Maternal smoking and cannabis use during pregnancy and infant outcomes

Sarah Sturrock, Emma Williams, Hemant Ambulkar, Theodore Dassios and Anne Greenough ORCID logo



Our aim was to determine the prevalence of tobacco smoking and e-cigarettes and cannabis use during pregnancy, whether these were influenced by ethnicity, and their relationship to perinatal outcomes.


A study was carried out in 4465 infants whose mothers delivered during 2017 and 2018. Self-reported maternal smoking, e-cigarette and cannabis use at booking were recorded. Outcome measures were birthweight and head circumference z-scores and admission to the neonatal intensive care unit (NICU).

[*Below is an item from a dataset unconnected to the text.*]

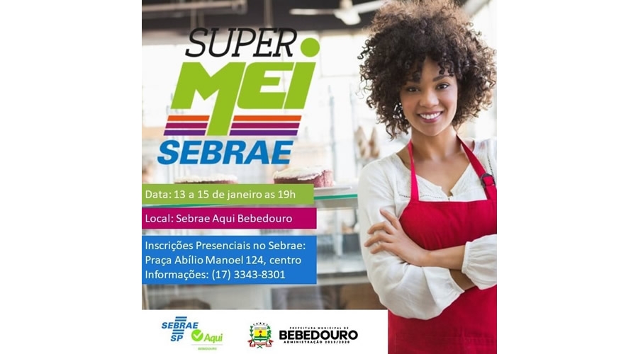 O SEBRAE Aqui realizará gratuitamente o curso Super MEI, nos dias 13 e 15 de janeiro, às 19h, na sede do SEBRAE Aqui, localizada na Praça Abílio Manoel, nº124, centro.

Two hundred and five women reported smoking cigarettes (4.7%), five were using e-cigarettes (0.11%) and 106 were using cannabis (2.43%). Women were most likely to smoke if young (15–19 years old) or from a mixed-race or White background. Cigarette smoking was associated with a lower mean z-score for birthweight (−0.587 vs. −0.064) and head circumference (−0.782 vs. −0.157) (both outcomes P < 0.0001). Young, mixed-race women were most likely to be both smoking and using cannabis during pregnancy and their infants had a lower birthweight mean z score (−0.989 vs. −0.587, P = 0.028) and head circumference z score (−1.33 vs. 0.782, P = 0.025) than cigarette use alone.


Young, mixed-race women were most likely to be both smoking and using cannabis during pregnancy and should be targeted for cessation programmes.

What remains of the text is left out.